• **AVAILABLE DATA**:
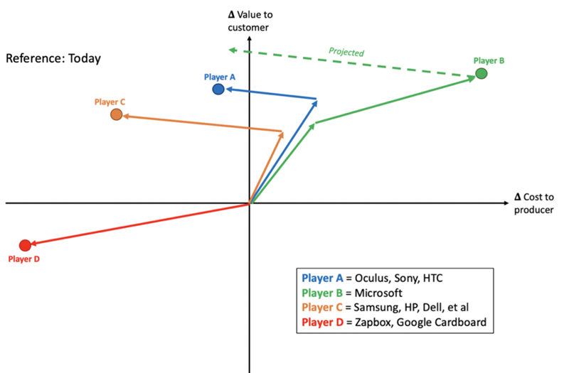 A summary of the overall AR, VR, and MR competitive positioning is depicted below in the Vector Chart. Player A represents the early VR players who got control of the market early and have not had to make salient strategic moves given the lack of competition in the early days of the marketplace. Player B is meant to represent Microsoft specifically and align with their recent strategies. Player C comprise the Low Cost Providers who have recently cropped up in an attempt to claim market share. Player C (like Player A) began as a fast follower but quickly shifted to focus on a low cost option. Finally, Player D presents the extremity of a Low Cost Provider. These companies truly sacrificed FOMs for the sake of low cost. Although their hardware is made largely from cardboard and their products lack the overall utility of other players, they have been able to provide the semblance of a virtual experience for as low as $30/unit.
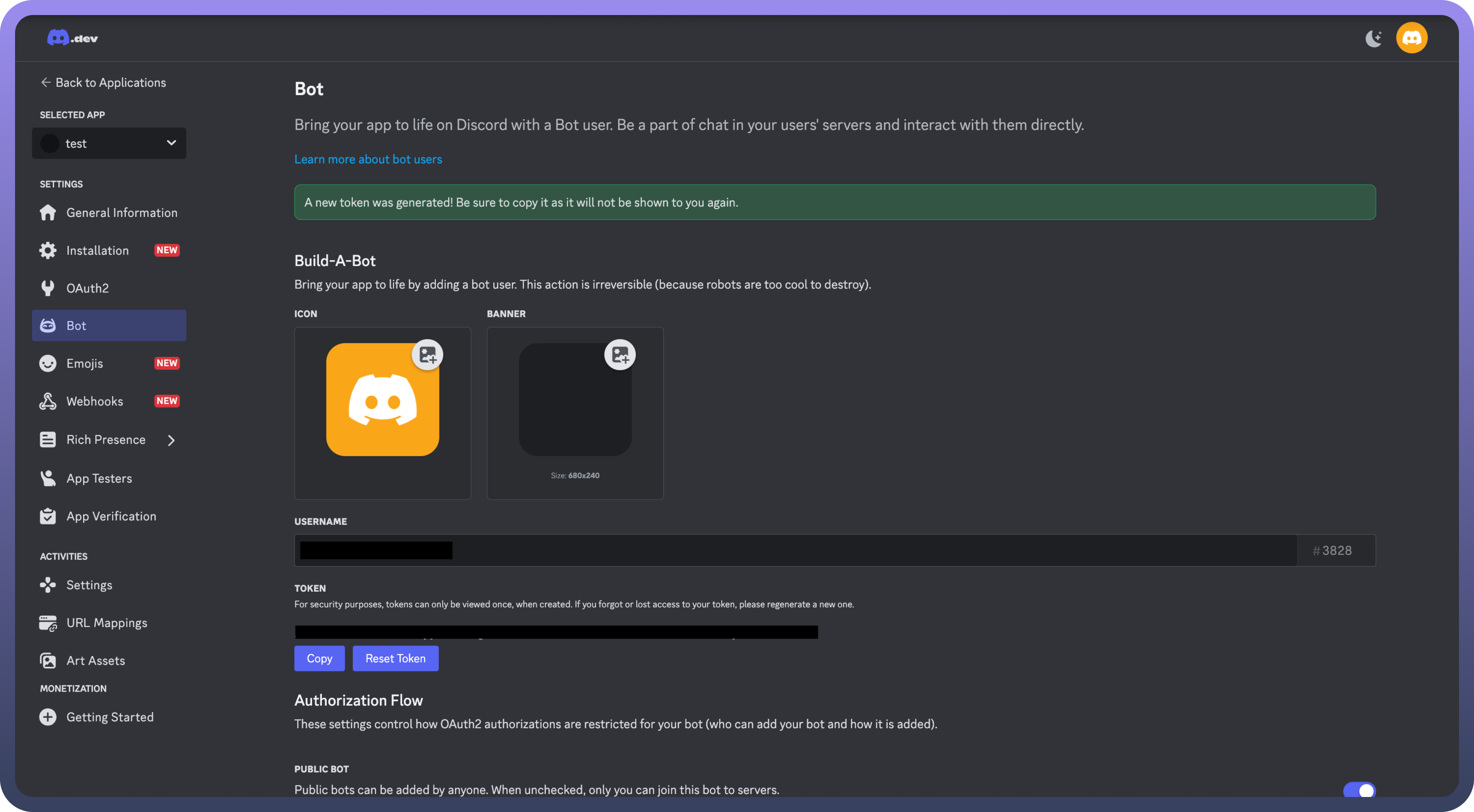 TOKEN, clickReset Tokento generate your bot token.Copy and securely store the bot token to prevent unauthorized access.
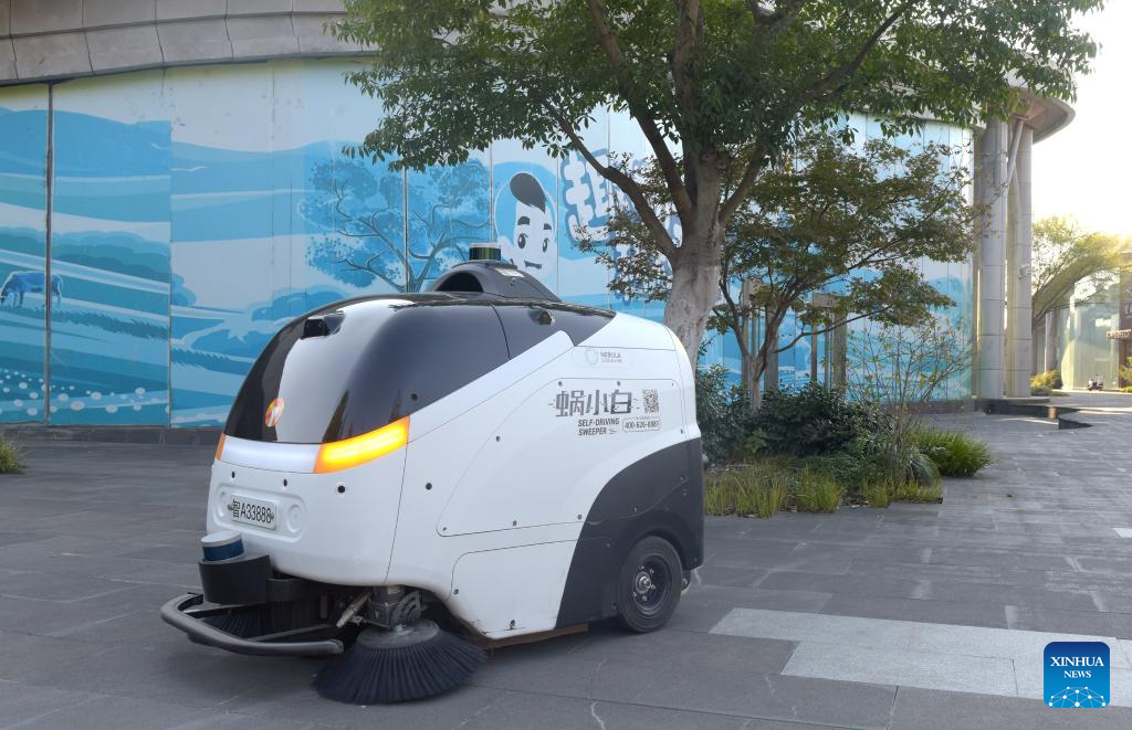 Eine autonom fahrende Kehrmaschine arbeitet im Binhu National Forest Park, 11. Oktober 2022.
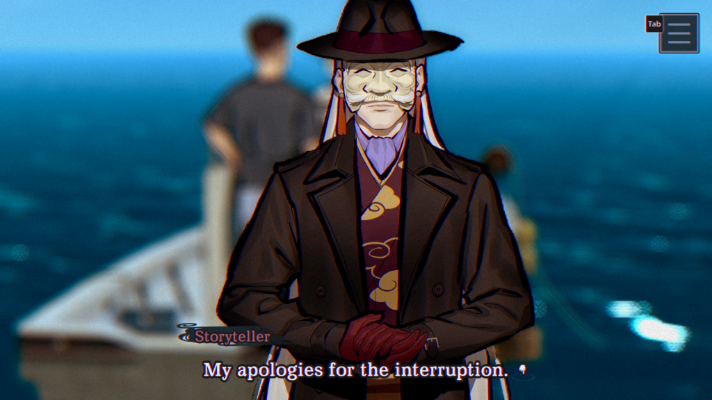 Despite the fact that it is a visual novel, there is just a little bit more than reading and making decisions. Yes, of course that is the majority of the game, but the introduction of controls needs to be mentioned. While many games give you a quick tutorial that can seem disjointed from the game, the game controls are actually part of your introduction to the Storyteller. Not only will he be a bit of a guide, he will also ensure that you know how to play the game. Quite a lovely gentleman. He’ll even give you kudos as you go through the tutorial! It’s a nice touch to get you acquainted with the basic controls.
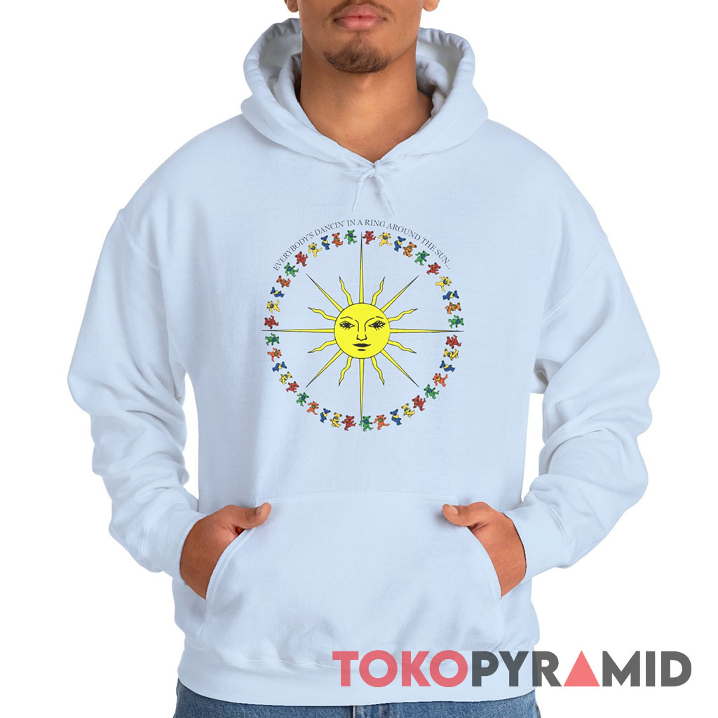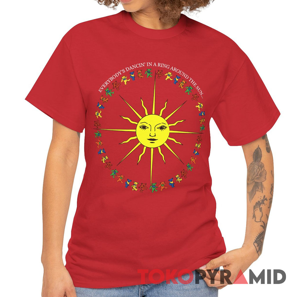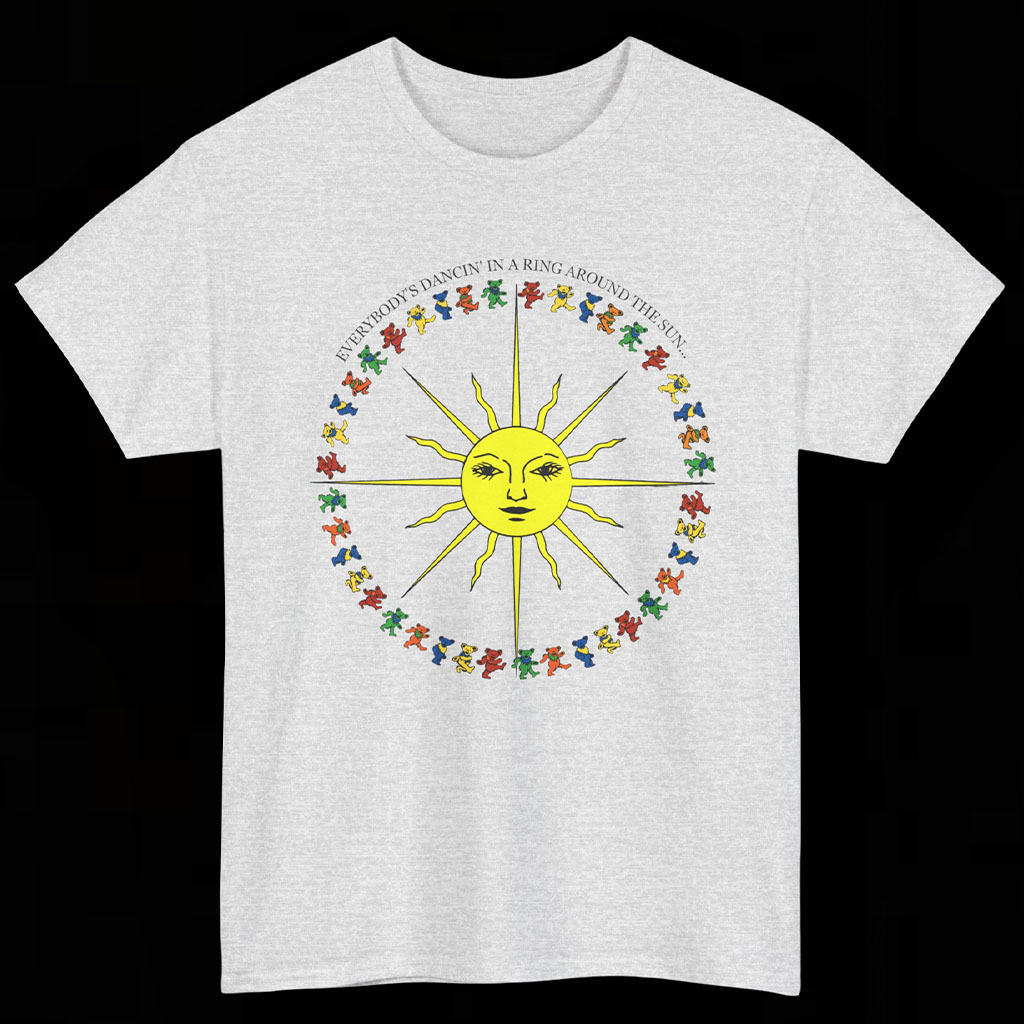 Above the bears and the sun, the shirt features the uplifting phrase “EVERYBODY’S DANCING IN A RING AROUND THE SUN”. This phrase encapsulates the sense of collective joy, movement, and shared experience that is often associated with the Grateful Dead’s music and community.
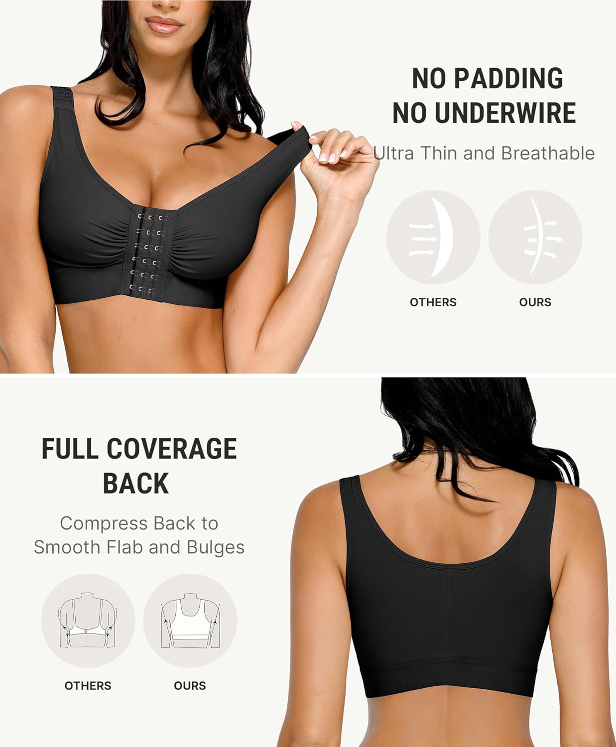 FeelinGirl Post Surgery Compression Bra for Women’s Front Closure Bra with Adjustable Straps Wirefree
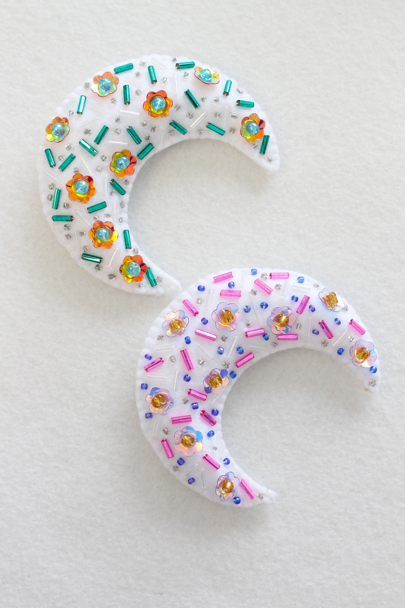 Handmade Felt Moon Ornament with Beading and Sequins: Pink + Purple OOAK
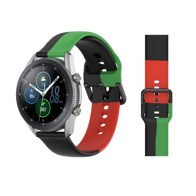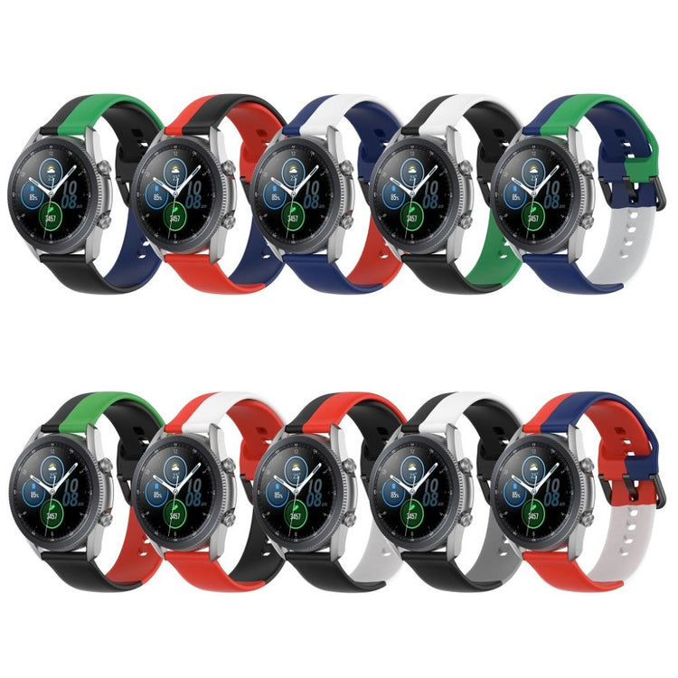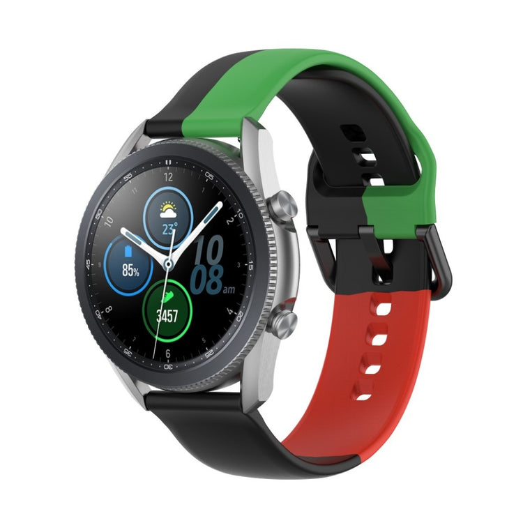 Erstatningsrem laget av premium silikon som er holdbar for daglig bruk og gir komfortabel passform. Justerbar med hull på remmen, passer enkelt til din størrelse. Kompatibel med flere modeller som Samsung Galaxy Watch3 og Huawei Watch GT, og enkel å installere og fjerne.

• **WHAT IS BEING ASKED**: Reproduce exactly, and only, the part of the entries above that runs from the line with "Above the bears" to the last line, both included. Pictures stay out.

• **FINISHED TASK**:
 Above the bears and the sun, the shirt features the uplifting phrase “EVERYBODY’S DANCING IN A RING AROUND THE SUN”. This phrase encapsulates the sense of collective joy, movement, and shared experience that is often associated with the Grateful Dead’s music and community.
 FeelinGirl Post Surgery Compression Bra for Women’s Front Closure Bra with Adjustable Straps Wirefree
 Handmade Felt Moon Ornament with Beading and Sequins: Pink + Purple OOAK
 Erstatningsrem laget av premium silikon som er holdbar for daglig bruk og gir komfortabel passform. Justerbar med hull på remmen, passer enkelt til din størrelse. Kompatibel med flere modeller som Samsung Galaxy Watch3 og Huawei Watch GT, og enkel å installere og fjerne.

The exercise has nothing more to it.